Sunday, July 24, 2011

I heard the news about Amy Winehouse's death yesterday afternoon on the radio as I was driving home. Despite the struggles that she lived out in such a painfully public way, her death has still come as a shock to so, so many. I know that I was shocked, and yet, if I'm honest, I wasn't surprised. She was in and out of rehab many times for drug and alcohol addiction, her tours were cancelled due to her instability, she got into legal trouble more than once, she displayed erratic behaviors with people and repeated these patterns in the public eye over the course of the last few years. The thing is... in spite of all of these major red flags, her death is still shocking. I don't think we ever actually expect people to die, even when they are engaging in self destructive and self harming behaviors. 

I am one part sad and devastated over the tragedy of it all, and one part angry. It is so hard to see this happen, when it seems like it could have been avoided somehow. I wrote a post a few years ago when Brittany Murphy passed away (to check it out, follow this link) and I have some of the same feelings now that I did then. Hopefully this can serve as a big wake-up call.. As well as a reminder that while people are ultimately responsible for their own actions and choices, if there are people in our lives that we see struggling-- with addiction, an eating disorder, or any other life threatening condition or behavior that is rooted in mental health/mental illness-- it is essential to act!

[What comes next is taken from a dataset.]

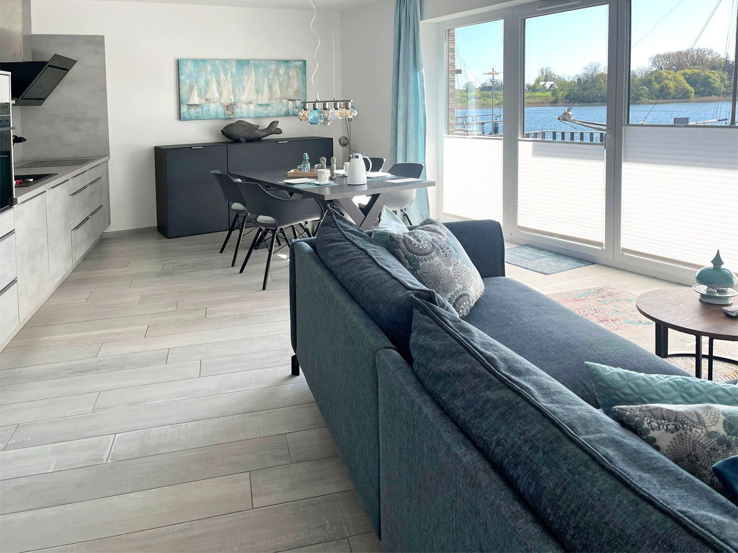 Die Ferienwohnung „132°SO“ mit Blick auf die Schlei liegt in unmittelbarer Nähe zum Museumshafen und dem belebten Zentrum.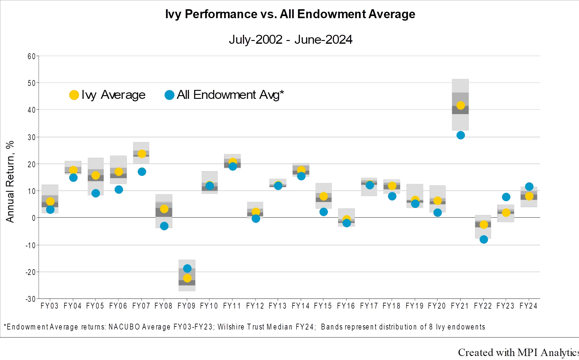 尽管从去年的低迷表现中恢复过来,常春藤盟校仍然连续第二年落后于平均捐赠基金——这是二十多年来首次发生这种情况。这个MPI图表突出了最近的表现不佳:

I have read quotes by Amy's mother in a few articles, and she admitted that her daughter's premature death was only a matter of time. Someone who is struggling with addiction must take the steps to get better, and must choose to get help- no one can do this for the person suffering. However, in order to get to that place, sometimes people need tough love by the people who are in their lives. While Amy's tour had recently been cancelled so that she could work on her health and recovery (allegedly her drinking), I just wonder if there is something more that could have been done. Maybe her record label could have put more serious sanctions in place, or the people that worked for her could have refused to continue to take care of her. These questions aren't coming from a place of judgment, because who knows, maybe these things were going on behind the scenes! The point is... if you know someone who is struggling, don't be afraid to step in and encourage them to get help, or seek treatment. If it means creating different boundaries in your friendship or relationship with this person until they are healthy, then do what is necessary!! 

If you are the one struggling and you are ambivalent about getting better, perhaps this is a good time to consider some very important things. What kind of life do you want to have? What sort of things are interfering with you from having that life? Do you believe that you are putting yourself in danger? Do you trust the people around you, and their concern and care for you? If not, why? What is holding you back from living the life you want? Often, these answers can be rooted in deeply painful places, and it is tough to face them. I encourage you to approach these questions thoughtfully, and move in a direction towards healing. The loss of Amy's life (and many others as a result of addiction, eating disorders, etc) is truly tragic and there is hope.